I try very hard to be a good daughter. Yes, I fall short of perfection on many levels, but there's one thing I can say with absolute certainty...my heart is always in the right place. Because we have friends and family who live in Maine, I try to take my mother there each year so she can spend time with them. As a person ages it becomes more important to be with all the people they love and for that reason I try to be accommodating to my mother's needs. This year our finances didn't allow for our annual trek "home." I felt bad about it, but if you don't have the money, you don't have the money! It's as simple as that!

In July while visiting my Aunt Nancy she asked me why my mother and I weren't going to Maine this year. After explaining to her why I felt we couldn't afford the trip this year, she made an incredibly generous offer by insisting that the three of us make the trip to Maine together and she'd pay all the expenses. Because I knew how important it is to my mother to go to Maine, I agreed to let my aunt do this for us. My aunt is like a second mother to me and after her husband died over 6 years ago, I stepped in and started doing things for her that her daughter and only living child was either unable or unwilling to do. As a result of our increased contact we formed a very close, loving bond and she became even dearer to me than she already was. She recently made the decision to move to Florida so she'd be closer to family so she wouldn't have to be alone any longer. Her decision to move was something my entire family and I was looking forward to and it was a decision she knew would make it easier for all concerned when her health problems started to worsen and she'd need help. Because I love her dearly, I was willing to be that go-to person for her.

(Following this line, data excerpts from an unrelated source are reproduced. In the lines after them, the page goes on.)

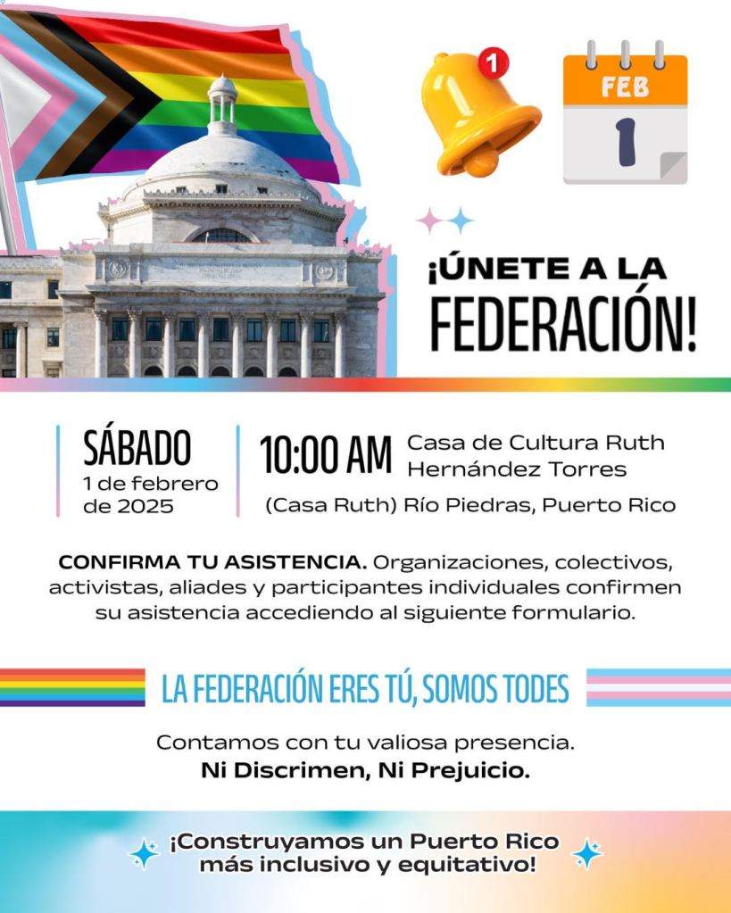 Como parte de los preparativos, la Federación invita a la comunidad LGBTQ+ y aliados a participar de su primera asamblea anual a llevarse a cabo el sábado 1 de febrero a las 10am en Casa Ruth en Río Piedras. Las personas interesadas en participar pueden registrarse aquí: bit.ly/3Eec1hZ.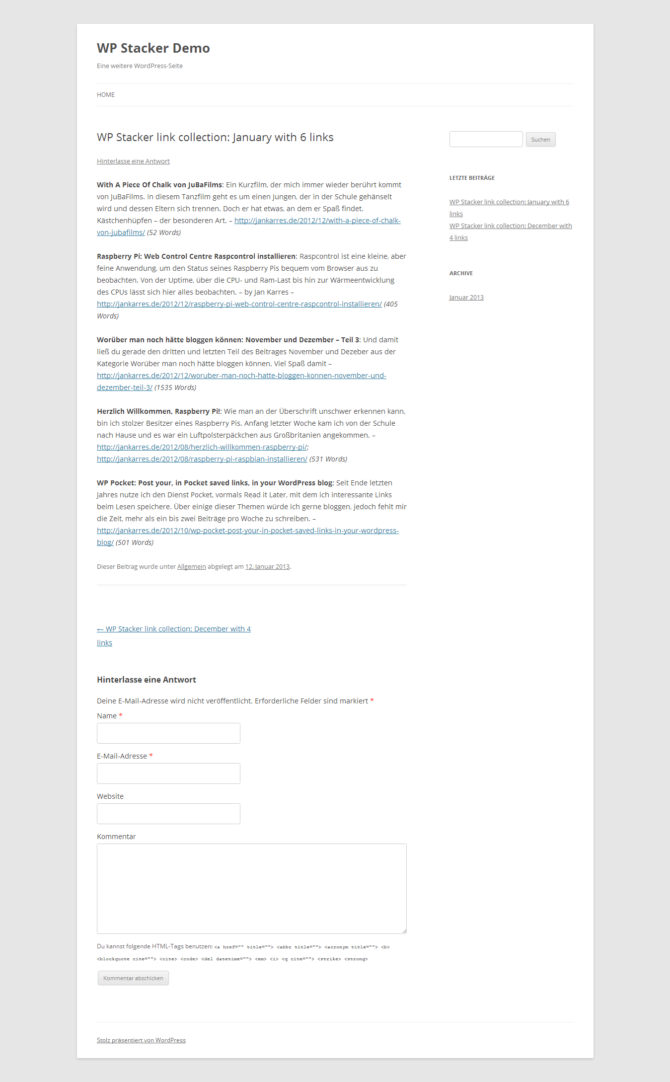 WP Stacker is a WordPress plugin, with which you can post interesting links from Pocket (GetPocket.com) automatically on your blog – with autogenerated titles, discriptions and tags. You can customize the layout of the post completely. So you can save a lot of time, but show all your readers all your interesting links.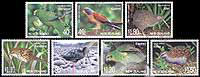 濒危鸟类,黄爪隼、黄顶鹦鹉、黑长脚鵴、蕨莺、枭鹦、几维鸟及秧鸡7全(与法国联合发行)(我社已售缺)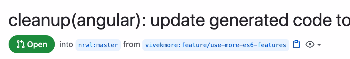 So in this case that’d be vivekmore:feature/use-more-es6-features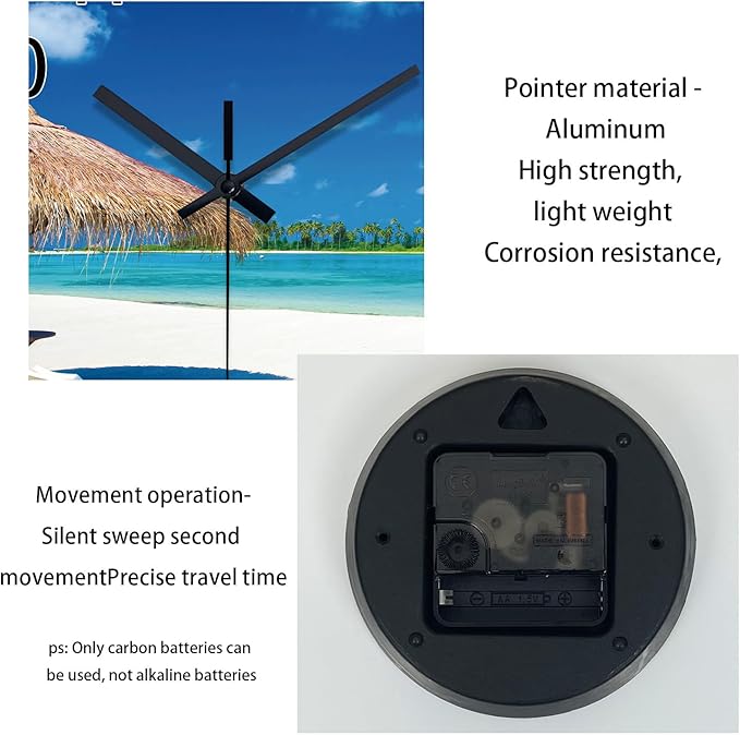 - 【SIZE & MATERIAL】14 Inch beach theme glass wall clock is made of HD tempered glass,which does not fade or deteriorate under sunlight and rain, is waterproof, moisture-proof, and is easy to clean and maintain.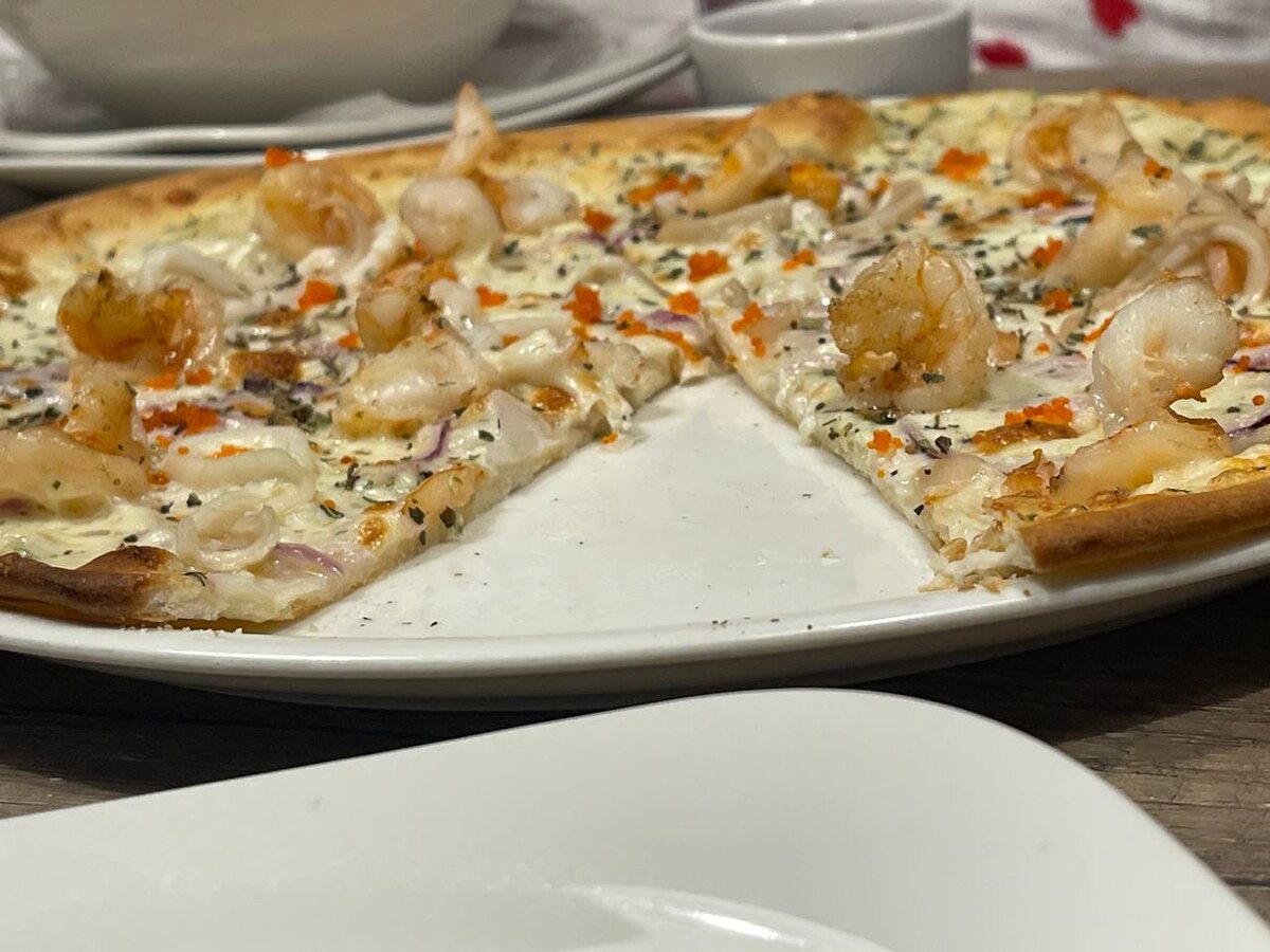 Кулинарные предложения тоже не радуют: подаваемые блюда зачастую оказываются безвкусными и некачественными. В качестве примера можно привести пиццу с морепродуктами, которая по сути больше напоминала лаваш, чем традиционное тесто. Такие "шедевры" кухни разочаровывают не только гостей, но и подрывают доверие к репутации заведения.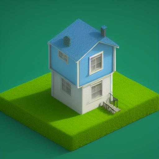 A blue house sitting on top of a green field

Let me now fast forward to our vacation from HELL! The first of two indications that the month we were supposed to spend in Maine would be anything, but paradise was upon arrival I got sick and had to eventually seek medical attention because my own efforts to nurse myself back to health didn't result in me getting better...in fact, I got worse much worse. And the second key indicator of what would lie ahead was when my aunt informed me that my mother and I would have to start paying our own way the first day after we arrived in Maine. Yes, you read that last line correctly! Paying our own way is rather difficult to do when we have very limited resources and was the reason why I had decided against a Maine trip this year. Paying our own way wasn't what she had initially discussed when she insisted that the three of us take this trip together nor was it ever mentioned until we reached our destination. She had offered to pay for everything and it was only because of her generous offer that we had agreed to make the trip to Maine. After being completely blind-sided I took what little cash I had and bought groceries so we could eat while we were there. I never expected nor wanted to eat out every night so cooking our meals and dining in was no big deal to my mother and I because it's what we do every day anyway. My aunt on the other hand likes dining out and although she did eat the meals I prepared, she turned her nose up at the thought of having to eat leftovers and wanted me to cook a different meal each night. Because I was sick the thought of leftovers appealed to me because I simply was worn out and didn't feel like cooking every night. Obviously, she didn’t realize how sick I had gotten or else she just didn’t care.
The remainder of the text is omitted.